LangChain for LLM Application Development 系列課程筆記
source:langchain/docs/modules/memory
記憶的重要性: 當與語言模型互動時,模型不會記住先前的對話。要建立具有對話功能的應用,如聊天機器人,這會成為問題。
LangChain 記憶功能: 提供了多種管理對話記憶的方法。
LangChain的使用: 透過指定不同的記憶類型,LangChain提供了記憶管理的靈活性。對於長對話,LangChain可以生成對話摘要以節省空間。
ConversationBufferMemory
是一種極其簡單的內存形式,它僅將聊天消息列表保存在緩衝區中並將其傳遞到提示模板中。

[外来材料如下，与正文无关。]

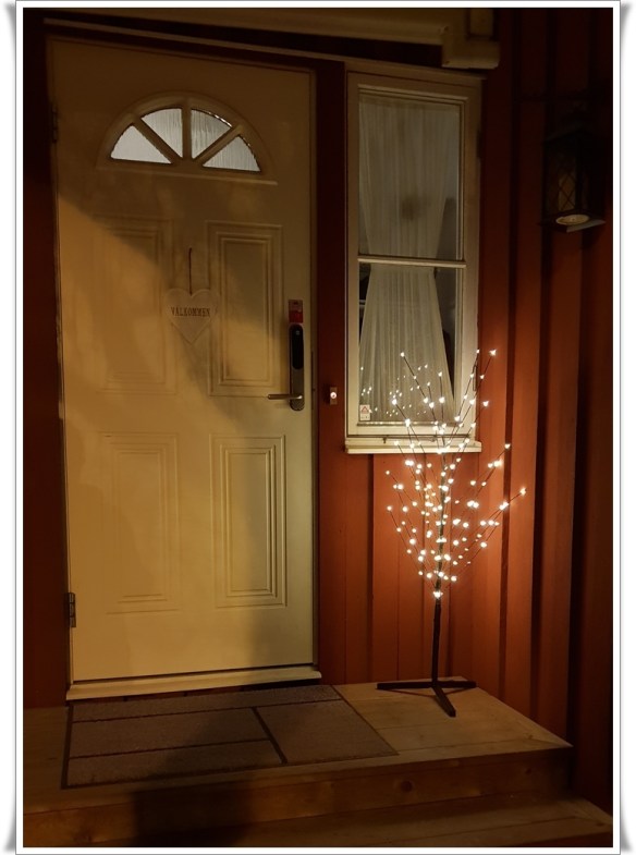 Jag köpte ett dekorationsträd som står utanför dörren och lyser fint i mörkret.
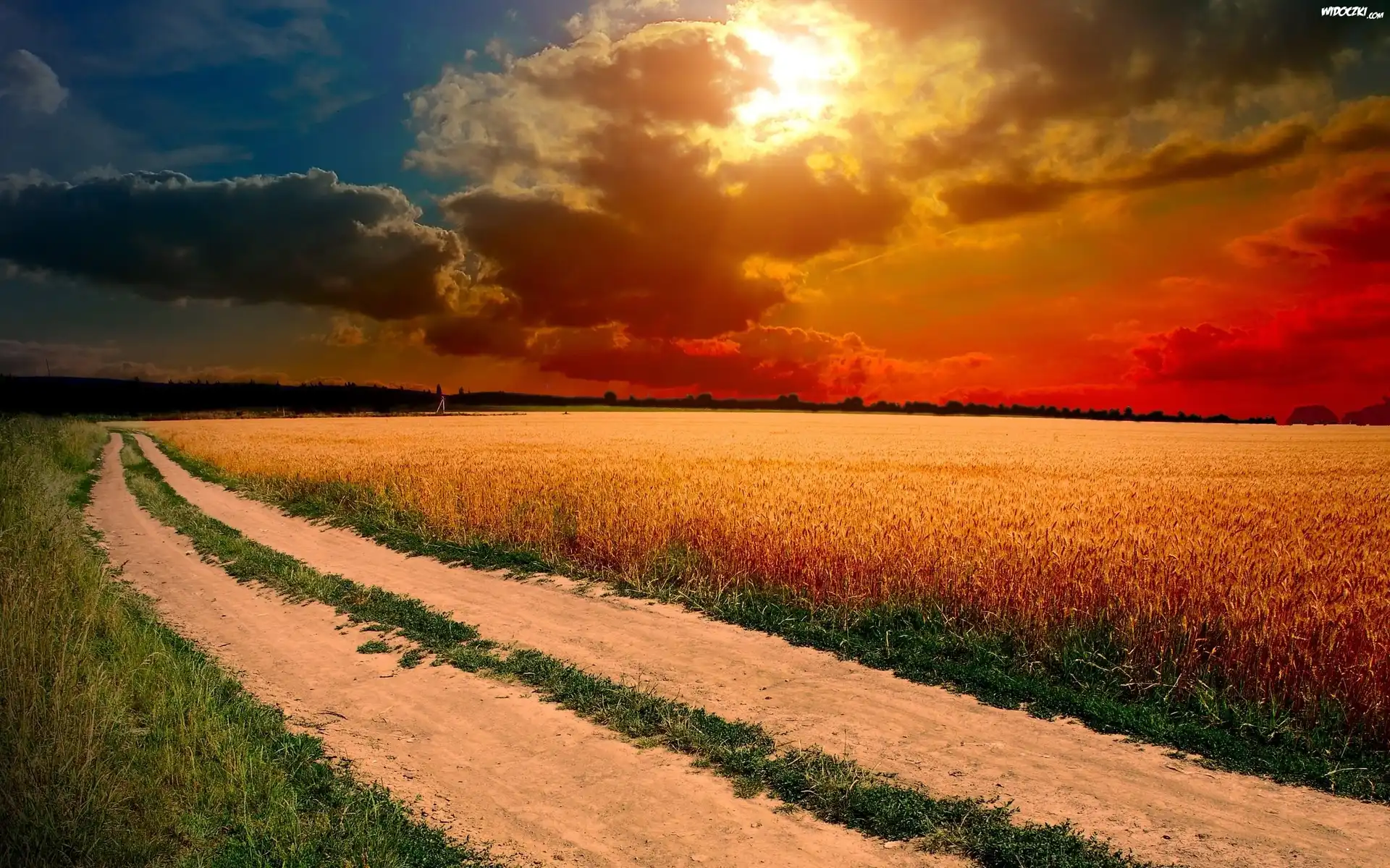 Droga, Pole, Zboża, Nadciągające, Chmury
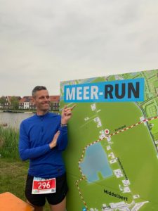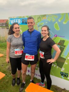 Samen met papa (Menno van der Meer) en mijn zusje (Marleen) stond ik aan de start aan de (v/d) MEER-run! Via Kelly van Runninggirls.nl had ik twee startkaarten gewonnen dankzij onze achternaam. Alle drie hadden we ons ingeschreven voor de 7KM (je kon ook twee rondes lopen en 14KM doen). De route was veelal onverhard, door en langs het veld, bospaadjes en langs het water. De laatste kilometer was weer verhard en liep langs mooie huizen in Meerstad.
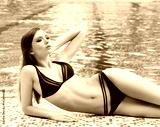 Young and sporty woman in swimsuit. Girl relaxing in a pool.

from langchain.chat_models import ChatOpenAI
from langchain.chains import ConversationChain
from langchain.memory import ConversationBufferMemory
llm = ChatOpenAI(temperature=0.0)
memory = ConversationBufferMemory()
conversation = ConversationChain(
llm=llm,
memory = memory,
verbose=True
)
接著輸入對話,可以看到自動生成的提示與生成的內容
conversation.predict(input="Hi, my name is Andrew")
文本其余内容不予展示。